Since Rosen founded it two years ago, the New York Unemployment Project has put together small but influential organizing and advocacy campaigns, taking on New York State’s hostile unemployment insurance agency and other strategically selected targets. The four organizers now working on the East Harlem subsidies will home in on leverage points, such as agencies that give the subsidies. These could be tough nuts to crack; the city’s Industrial Development Agency, for instance, which ratifies bond financing for businesses, has in its history denied only two applications.
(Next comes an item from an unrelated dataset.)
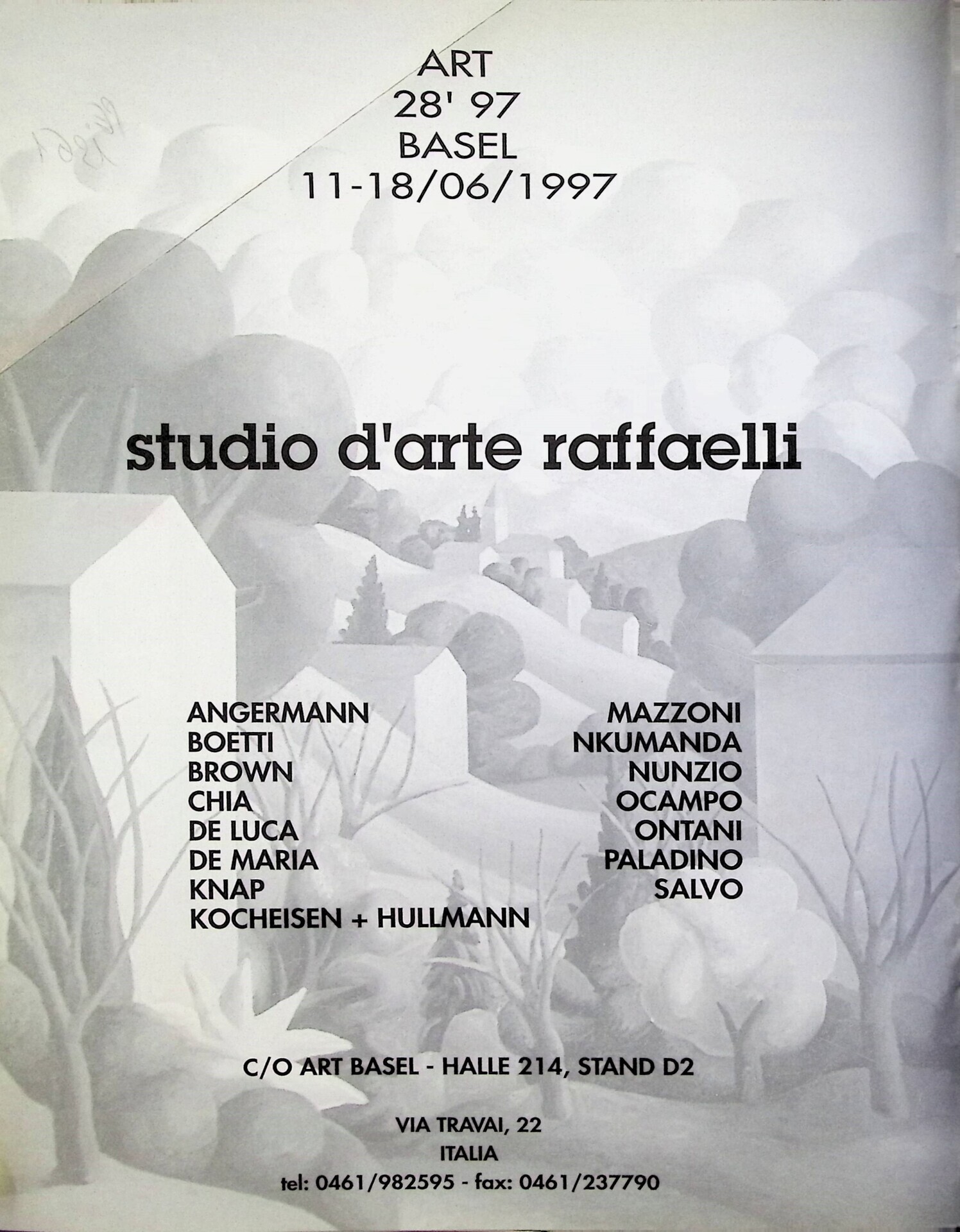 | Descrizione | Pubblicità della mostra allo stand ad Art Basel di Studio d'Arte Raffaelli, con opere, tra gli altri, di Manuel Ocampo [filippino], |

Another pressure point can be the developers themselves. In Los Angeles, LAANE has successfully negotiated with developers, proving that community groups and builders can have mutual interests. For one thing, under the right circumstances, both want development projects to go forward, even when NIMBYist neighbors oppose them. East Harlem, which is part of the Upper Manhattan Empowerment Zone, also presents a special opportunity to push companies and the city to commit to job creation, because businesses in the zone get a $3,000 tax credit for each local resident they hire.

Shropshire says she’s energized by the potential of cross-pollinating L.A. organizers’ experience with the lessons New York activists have learned. There’s good work in both cities, Shropshire says, but “none of us has come up with the answer to reverse the trends. Decisions that impact lives are made increasingly on a global level.”